- [Records drawn from a dataset]:
**********

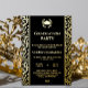 Élégante Foil Frame Graduation Invitation, Personnalisez l'invitation de diplôme en noir et or en ajoutant le nom et les détails du diplômé.
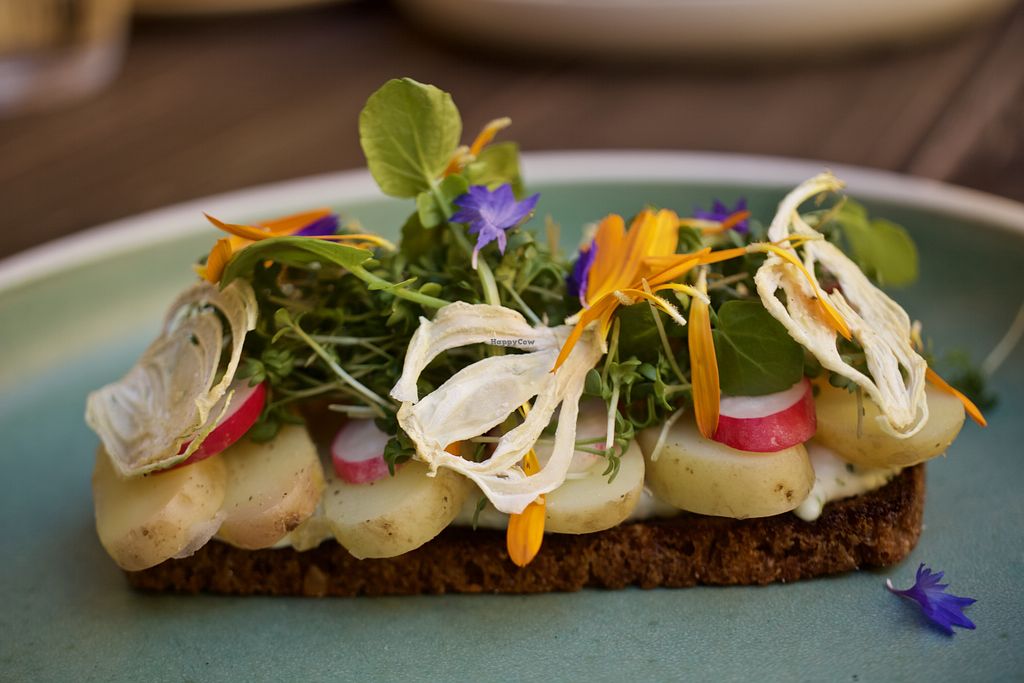 Plant-based summer food - Potato with fried onions, herb mayo & chives…
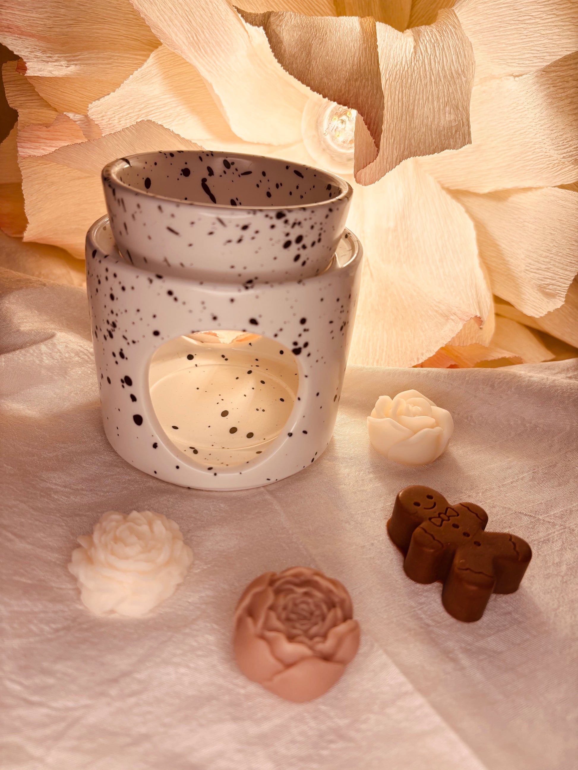 I bruciatori di essenze sciolgono delicatamente la cera e le torte profumate di ✨CHIARO DI LUNA✨, diffondendo un aroma rilassante e un'atmosfera incantevole. Goditi la magia del chiaro di luna a casa tua con questo elegante bruciatore di essenze.
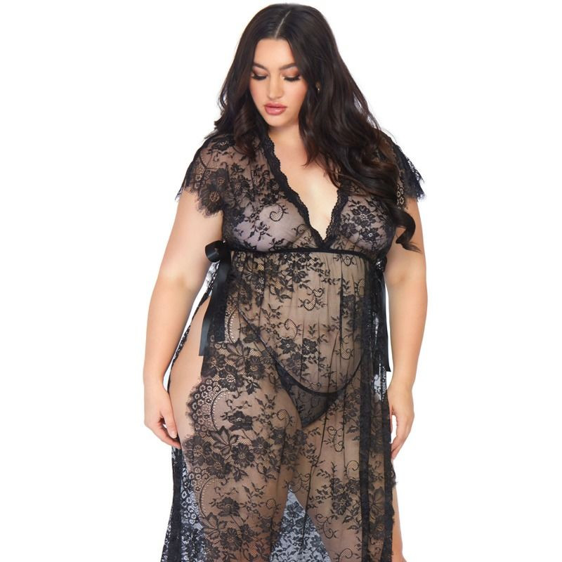 Conjunto incluye un largo peignoir de encajes con pestañas, cinta de satén y tanga a juego fabricado por la prestigiosa marca de lencería Leg Avenue. Con Leg Avenue reforzarás tu feminidad y obtendrás ese toque justo de seducción, sensualidad y elegancia.
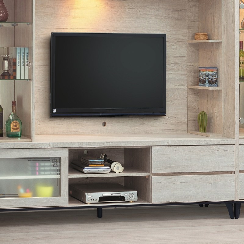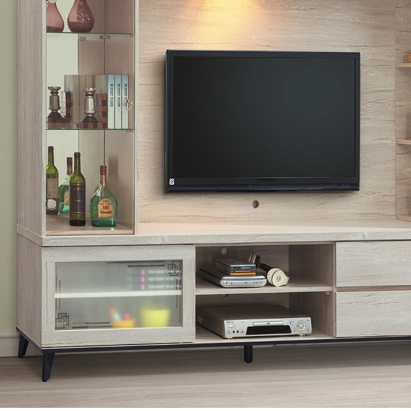 電視櫃門片左右滑動。附兩抽屜。
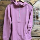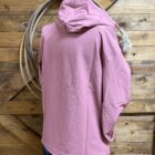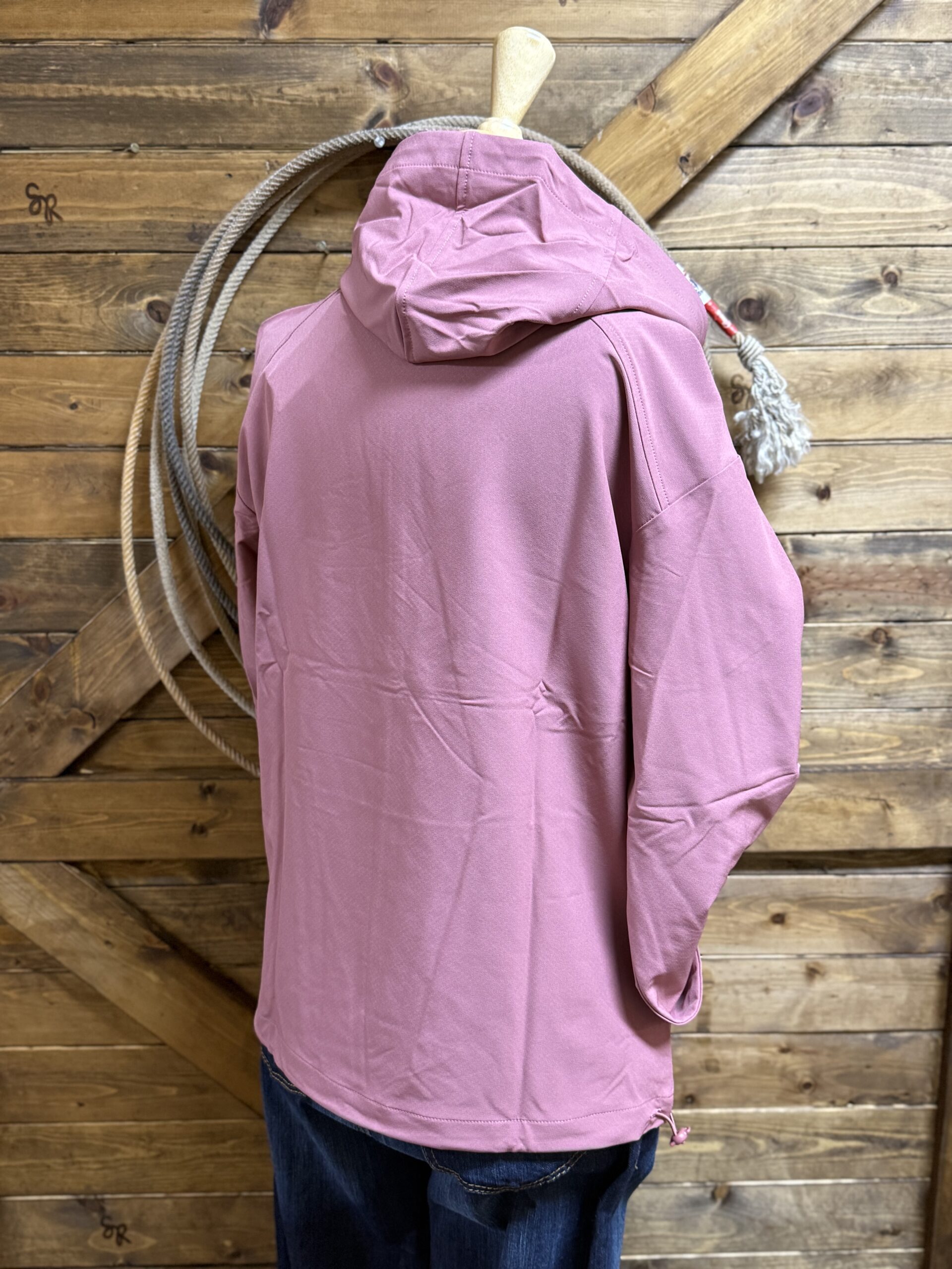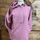 The pink windbreaker! A pretty rose pink windbreaker suitable for all types of weather conditions! A lighter pink zipper runs 1/4 off of the stand up collar featuring a hood on a draw cord. A large single pocket across the bottom of the front is accessible front either side on a slit opening. The bottom hem is designed with a draw cord that allows you to adjust the fit around the wait to your comfort level. The sleeves are designed with an elastic hem for an easy and convenient fit at the wrist. If you like pink and like windbreakers, this one is calling your name!
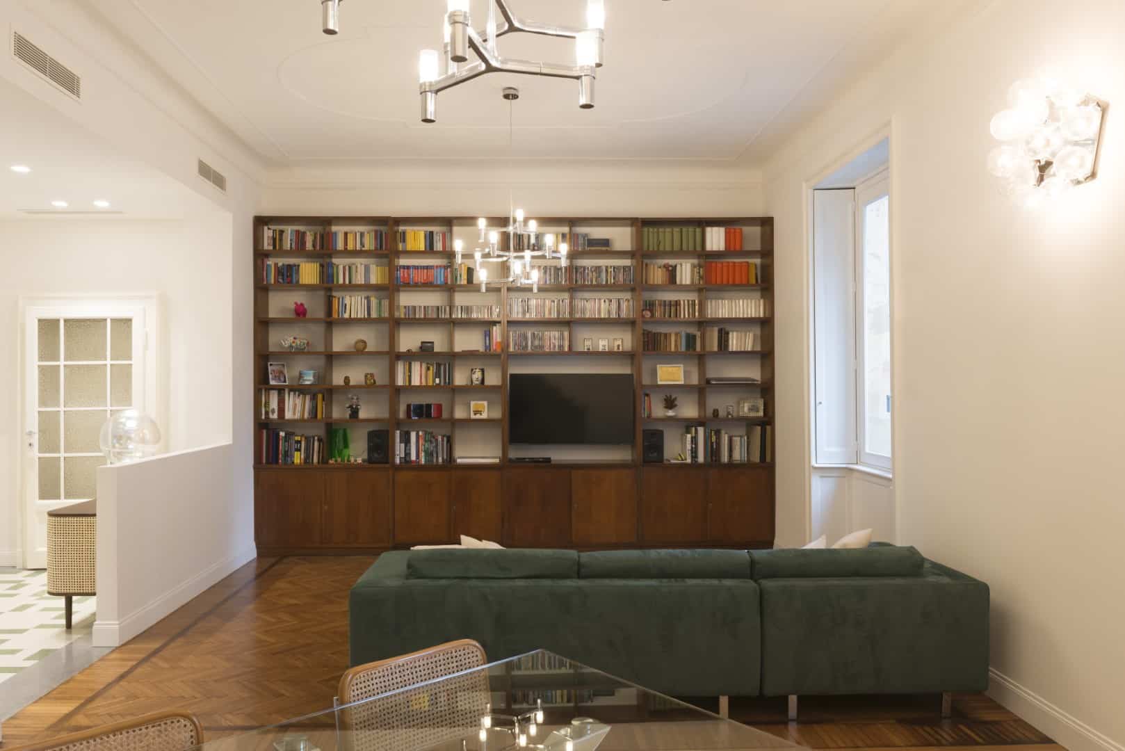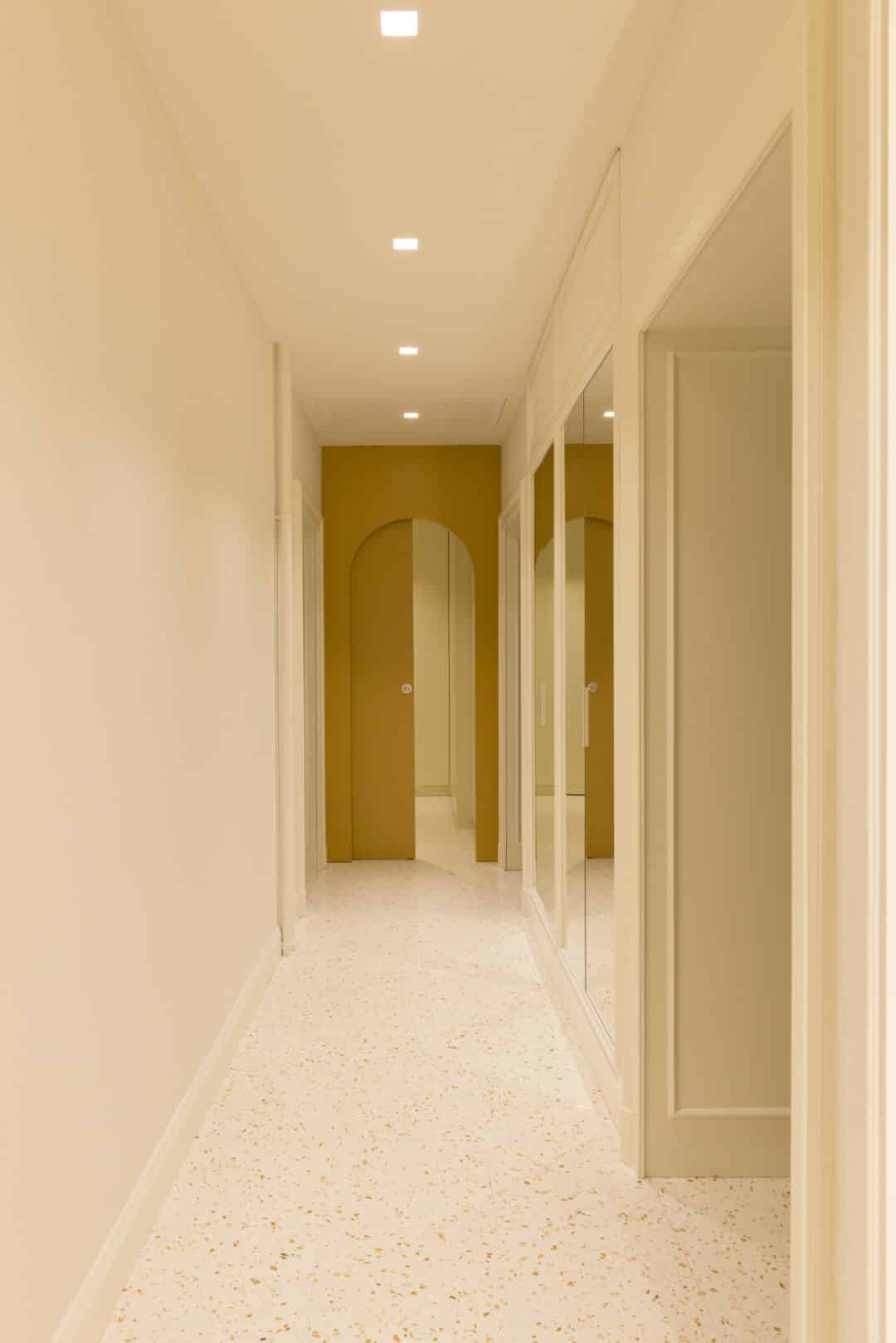 Stanovanje je sicer prostorno, na kar se je naslonila tudi arhitektka Simona Alù. V beline polno stanovanje pa je vdahnila tudi pridih gledališke kulise ter ga tako naredila za odtenek bolj dramatičnega. Površina 170 kvadratnih metrov velikega stanovanja je razdeljena v dve etaži. Obe enoti je povezala z linearnim stopniščem, ki je nasproti od vhoda in deluje kot gledališka kulisa. Terrazzo se s pritličja nadaljuje po stopnicah, kar ustvarja kontinuiteto med nivojema. Ustvarila je stopnišče s sodobnim značajem, ki kot umetniška skulptura ostaja v dialogu s slogom in zgodovino stavbe.

**********

- [EXERCISE]: Restate, word for word, the entries above, dropping any picture.

- [YOUR RESPONSE]:
 Élégante Foil Frame Graduation Invitation, Personnalisez l'invitation de diplôme en noir et or en ajoutant le nom et les détails du diplômé.
 Plant-based summer food - Potato with fried onions, herb mayo & chives…
 I bruciatori di essenze sciolgono delicatamente la cera e le torte profumate di ✨CHIARO DI LUNA✨, diffondendo un aroma rilassante e un'atmosfera incantevole. Goditi la magia del chiaro di luna a casa tua con questo elegante bruciatore di essenze.
 Conjunto incluye un largo peignoir de encajes con pestañas, cinta de satén y tanga a juego fabricado por la prestigiosa marca de lencería Leg Avenue. Con Leg Avenue reforzarás tu feminidad y obtendrás ese toque justo de seducción, sensualidad y elegancia.
 電視櫃門片左右滑動。附兩抽屜。
 The pink windbreaker! A pretty rose pink windbreaker suitable for all types of weather conditions! A lighter pink zipper runs 1/4 off of the stand up collar featuring a hood on a draw cord. A large single pocket across the bottom of the front is accessible front either side on a slit opening. The bottom hem is designed with a draw cord that allows you to adjust the fit around the wait to your comfort level. The sleeves are designed with an elastic hem for an easy and convenient fit at the wrist. If you like pink and like windbreakers, this one is calling your name!
 Stanovanje je sicer prostorno, na kar se je naslonila tudi arhitektka Simona Alù. V beline polno stanovanje pa je vdahnila tudi pridih gledališke kulise ter ga tako naredila za odtenek bolj dramatičnega. Površina 170 kvadratnih metrov velikega stanovanja je razdeljena v dve etaži. Obe enoti je povezala z linearnim stopniščem, ki je nasproti od vhoda in deluje kot gledališka kulisa. Terrazzo se s pritličja nadaljuje po stopnicah, kar ustvarja kontinuiteto med nivojema. Ustvarila je stopnišče s sodobnim značajem, ki kot umetniška skulptura ostaja v dialogu s slogom in zgodovino stavbe.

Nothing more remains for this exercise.